Poetry. 48 pgs. Arachne Press. August 2019. ISBN: 978-1-909208-77-3.
“Mamiaith” (pronounced máh-mee-aith) is Welsh for “mother-tongue,” a title that previews the complexity and fecundity of the origins of Ness Owen’s poems in this collection. And yet the first word of the first poem is “he”―“Willows” is a family tale with a missing child, and a grandfather who is determined to remember her. How to speak to what is lost, of what is lost, in a language that had been almost lost―these are the concerns of this remarkable book.

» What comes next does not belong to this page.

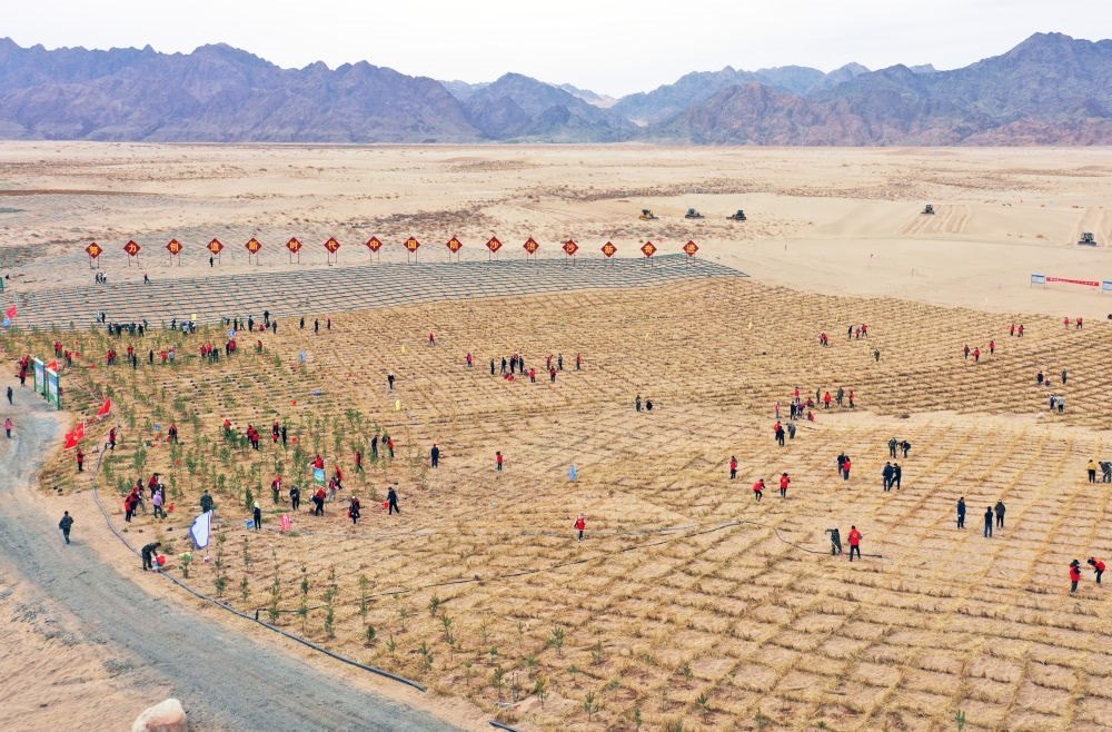 阿拉善盟位于內(nèi)蒙古最西部,盤踞在此的騰格里沙漠、巴丹吉林沙漠、烏蘭布和沙漠有連片之憂。阿拉善盟林草局局長(zhǎng)圖布新說(shuō),一開春,阿拉善盟即全面啟動(dòng)規(guī)劃治沙總面積達(dá)621.3萬(wàn)畝的內(nèi)蒙古西部荒漠綜合治理項(xiàng)目(二期),目前已有168個(gè)作業(yè)區(qū)開工,累計(jì)完成治沙面積340余萬(wàn)畝。

At one point, the speaker refers to her generation as “children of the Not.” This is a reference to The Welsh Not, an object and a practice used to stigmatize and punish schoolchildren who spoke Welsh between roughly the middle of the 19thcentury and as late as the 1940s. As a result, fluency in some families became the privilege of the older generation—the author’s grandmother’s, but not her parents. As Owen reclaims the language both as her theme and tool, she writes “The ache of ill-fitting / hand-me-downs / is like the ache of saying no,” and the reader is compelled to find a metaphor in these lines. What does, in a single person’s experience, constitute the difference between heritage—an heirloom—and a hand-me-down? A legacy of an adversarial language policy can certainly be powerful enough to warp one into the other, one’s birthright into something too ill-fitting and worthless to be desired.
And yet, languages, dissolved in the darkness of the past, the obscure and buried ancestral lives, the dusk of chapels where a soul may have gone to plead for a reprieve (or “fill the void with Jesus, Mars Bars and vodka,” as another poem advises), holds truths otherwise inaccessible—truths we forego at our own risk, as the powerful “Laboon” warns. “Laboon” is a name for tsunami in the language of the nomadic Moken people of Thailand, who survived the 2004 tsunami because of their stories. “This is our universe / If there is no one / to tell our stories / how will we prepare?”
The sea, as the one persistent constant of the shared imagination that makes a people speak a specific language, rises repeatedly in these poems. It is, perhaps, from its permanence that Owen’s voice draws it defining quality: it is unafraid, commanding, anthemic; hers is a rare gift of a public poet, a voice that dares to expectto be heard when it speaks of public, communal matters. “Power lies in the / unexpected” she writes, right before she takes up the environmental legacy of the nuclear power projects which includes plans to dredge 300,000 tons of mud from the site of Hinkley Point station in Somerset, England site and dump it off Cardiff Bay. This is, she makes clear, yet another dispossession carried out by the colonial power:
(It’s because they can.)
Couldn’t we find words, our
mother-tongue has so many.
Didn’t she teach us how to say no?
One needs the right words—the proper language—to assert oneself, and perhaps if one could communicate one’s difference, separateness, sovereignty, one could also reclaim the right to be the custodian of where one lives. Or, having been “thrown” a language “in pieces that fit so neatly / inside my head but will / not fall onto the page,” shall one embrace the fragmentation, and respond, as Owen’s speaker does, with “10 Ways to Say No (to radioactive mud) Without Using the Word ‘No’” which include singing, using a bilingual sign, and other communication maneuvers that will make any lobbyist proud?
Whatever else these poems want from their readers, they certainly refuse to be “wasted on the non-/believer” and the magic of Owen’s work lies in how she makes believers of us all—whether we are reading her in Cardiff or in Colorado Springs.
Mamiaith will be published in August of 2019. You can pre-order the book now through Arachne Press.
NESS OWEN lives on Ynys Môn off the North Wales coast. This is her first collection, and is partly bilingual. The poems journey widely from family and motherhood, to politics, place and belonging: an underlying connection to the earth of Ness’ home, that feeds a longing/desire/determination to write in the Mamiaith (Mother tongue) that she speaks, but did not learn to write fluently. The interplay of languages and the shifts of meaning from one to the other feed the musicality of the poems.
NINA MURRAY is author of Minimize Considered, a chapbook, and her poetry has appeared in numerous journals, including Ekphrasis and The Harpoon Review. Her translations from Russian and Ukrainian include Peter Aleshkovsky’s Stargorod, and Oksana Zabuzhko’s award-winning The Museum of Abandoned Secrets. She grew up in Lviv, in Western Ukraine, and holds advanced degrees in linguistics and creative writing. As a member of the U.S. diplomatic corps, she has served in Lithuania, Canada, and Russia.